:: ENTRIES SUPPLIED

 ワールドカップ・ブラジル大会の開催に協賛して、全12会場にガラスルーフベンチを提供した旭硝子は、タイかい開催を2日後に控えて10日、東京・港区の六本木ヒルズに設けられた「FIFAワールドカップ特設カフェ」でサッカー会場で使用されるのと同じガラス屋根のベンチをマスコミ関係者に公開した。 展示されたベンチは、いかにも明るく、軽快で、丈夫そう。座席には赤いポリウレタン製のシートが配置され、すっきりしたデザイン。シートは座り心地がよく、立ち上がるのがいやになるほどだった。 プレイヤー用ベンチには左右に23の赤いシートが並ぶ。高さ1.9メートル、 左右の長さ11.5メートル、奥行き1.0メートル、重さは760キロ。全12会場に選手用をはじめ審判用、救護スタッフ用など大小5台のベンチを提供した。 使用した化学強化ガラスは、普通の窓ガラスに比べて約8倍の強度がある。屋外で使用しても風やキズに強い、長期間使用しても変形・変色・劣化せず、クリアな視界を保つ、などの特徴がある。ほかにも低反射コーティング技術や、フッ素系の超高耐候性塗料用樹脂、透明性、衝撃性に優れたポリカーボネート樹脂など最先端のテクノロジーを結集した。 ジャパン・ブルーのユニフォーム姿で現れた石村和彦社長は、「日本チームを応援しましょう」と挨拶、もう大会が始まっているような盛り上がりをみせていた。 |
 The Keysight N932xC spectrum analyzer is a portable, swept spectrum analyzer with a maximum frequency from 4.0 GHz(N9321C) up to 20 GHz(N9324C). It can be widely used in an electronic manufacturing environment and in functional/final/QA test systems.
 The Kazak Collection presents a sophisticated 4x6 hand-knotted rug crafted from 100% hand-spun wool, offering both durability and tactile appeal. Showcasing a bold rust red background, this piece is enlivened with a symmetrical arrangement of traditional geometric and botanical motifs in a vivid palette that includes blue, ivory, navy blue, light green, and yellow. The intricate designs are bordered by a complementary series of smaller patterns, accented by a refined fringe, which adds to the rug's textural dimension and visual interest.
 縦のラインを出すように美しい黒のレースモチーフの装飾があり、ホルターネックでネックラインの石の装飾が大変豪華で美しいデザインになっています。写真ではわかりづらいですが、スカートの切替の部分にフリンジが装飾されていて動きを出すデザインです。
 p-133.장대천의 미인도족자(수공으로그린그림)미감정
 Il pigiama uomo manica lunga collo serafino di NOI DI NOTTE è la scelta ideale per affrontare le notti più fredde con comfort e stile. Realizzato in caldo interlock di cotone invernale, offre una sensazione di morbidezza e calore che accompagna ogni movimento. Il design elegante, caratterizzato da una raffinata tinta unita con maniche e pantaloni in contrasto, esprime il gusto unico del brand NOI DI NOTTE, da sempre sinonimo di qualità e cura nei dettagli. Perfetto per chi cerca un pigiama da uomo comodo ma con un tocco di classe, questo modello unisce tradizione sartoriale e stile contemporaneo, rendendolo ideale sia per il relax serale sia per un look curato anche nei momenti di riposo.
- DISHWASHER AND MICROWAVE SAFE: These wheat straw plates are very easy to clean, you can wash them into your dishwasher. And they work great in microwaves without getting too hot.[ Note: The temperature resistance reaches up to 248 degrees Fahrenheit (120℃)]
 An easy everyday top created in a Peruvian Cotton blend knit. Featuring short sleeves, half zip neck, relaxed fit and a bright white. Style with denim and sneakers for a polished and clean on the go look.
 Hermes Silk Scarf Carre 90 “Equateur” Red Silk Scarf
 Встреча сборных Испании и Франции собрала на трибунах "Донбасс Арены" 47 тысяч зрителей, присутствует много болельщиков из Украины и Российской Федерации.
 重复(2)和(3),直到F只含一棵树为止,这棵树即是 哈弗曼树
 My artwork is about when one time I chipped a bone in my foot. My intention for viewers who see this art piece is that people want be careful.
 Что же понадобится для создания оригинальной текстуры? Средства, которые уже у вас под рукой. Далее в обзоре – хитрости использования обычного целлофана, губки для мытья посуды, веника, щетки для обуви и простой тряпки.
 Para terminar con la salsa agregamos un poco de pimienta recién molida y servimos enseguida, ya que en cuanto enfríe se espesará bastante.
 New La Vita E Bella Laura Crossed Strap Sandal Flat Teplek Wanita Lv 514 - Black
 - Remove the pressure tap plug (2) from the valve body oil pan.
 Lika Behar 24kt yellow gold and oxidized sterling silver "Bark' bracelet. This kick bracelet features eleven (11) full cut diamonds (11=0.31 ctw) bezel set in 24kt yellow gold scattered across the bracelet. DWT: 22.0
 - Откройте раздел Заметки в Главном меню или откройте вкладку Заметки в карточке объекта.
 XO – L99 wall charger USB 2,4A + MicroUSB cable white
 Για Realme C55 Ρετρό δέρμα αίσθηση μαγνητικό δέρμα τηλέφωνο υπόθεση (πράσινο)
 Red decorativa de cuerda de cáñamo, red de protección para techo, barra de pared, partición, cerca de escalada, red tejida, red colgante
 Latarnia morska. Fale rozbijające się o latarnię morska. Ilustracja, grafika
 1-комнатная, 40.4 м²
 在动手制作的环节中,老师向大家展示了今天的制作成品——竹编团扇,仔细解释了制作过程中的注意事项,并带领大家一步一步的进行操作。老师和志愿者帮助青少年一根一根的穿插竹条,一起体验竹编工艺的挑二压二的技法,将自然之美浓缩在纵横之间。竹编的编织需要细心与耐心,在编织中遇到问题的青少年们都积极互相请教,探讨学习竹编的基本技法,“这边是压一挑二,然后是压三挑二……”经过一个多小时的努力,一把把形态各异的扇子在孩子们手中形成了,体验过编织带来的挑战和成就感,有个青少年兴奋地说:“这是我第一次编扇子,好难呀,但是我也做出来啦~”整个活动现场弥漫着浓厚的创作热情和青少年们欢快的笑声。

::::

**WHAT IS NEEDED**
Copy exactly the lines that run from the first line of the data to the line containing "The Keysight N932xC", please, with both ends included and nothing else.

**ANSWER TO THIS PROBLEM**
 ワールドカップ・ブラジル大会の開催に協賛して、全12会場にガラスルーフベンチを提供した旭硝子は、タイかい開催を2日後に控えて10日、東京・港区の六本木ヒルズに設けられた「FIFAワールドカップ特設カフェ」でサッカー会場で使用されるのと同じガラス屋根のベンチをマスコミ関係者に公開した。 展示されたベンチは、いかにも明るく、軽快で、丈夫そう。座席には赤いポリウレタン製のシートが配置され、すっきりしたデザイン。シートは座り心地がよく、立ち上がるのがいやになるほどだった。 プレイヤー用ベンチには左右に23の赤いシートが並ぶ。高さ1.9メートル、 左右の長さ11.5メートル、奥行き1.0メートル、重さは760キロ。全12会場に選手用をはじめ審判用、救護スタッフ用など大小5台のベンチを提供した。 使用した化学強化ガラスは、普通の窓ガラスに比べて約8倍の強度がある。屋外で使用しても風やキズに強い、長期間使用しても変形・変色・劣化せず、クリアな視界を保つ、などの特徴がある。ほかにも低反射コーティング技術や、フッ素系の超高耐候性塗料用樹脂、透明性、衝撃性に優れたポリカーボネート樹脂など最先端のテクノロジーを結集した。 ジャパン・ブルーのユニフォーム姿で現れた石村和彦社長は、「日本チームを応援しましょう」と挨拶、もう大会が始まっているような盛り上がりをみせていた。 |
 The Keysight N932xC spectrum analyzer is a portable, swept spectrum analyzer with a maximum frequency from 4.0 GHz(N9321C) up to 20 GHz(N9324C). It can be widely used in an electronic manufacturing environment and in functional/final/QA test systems.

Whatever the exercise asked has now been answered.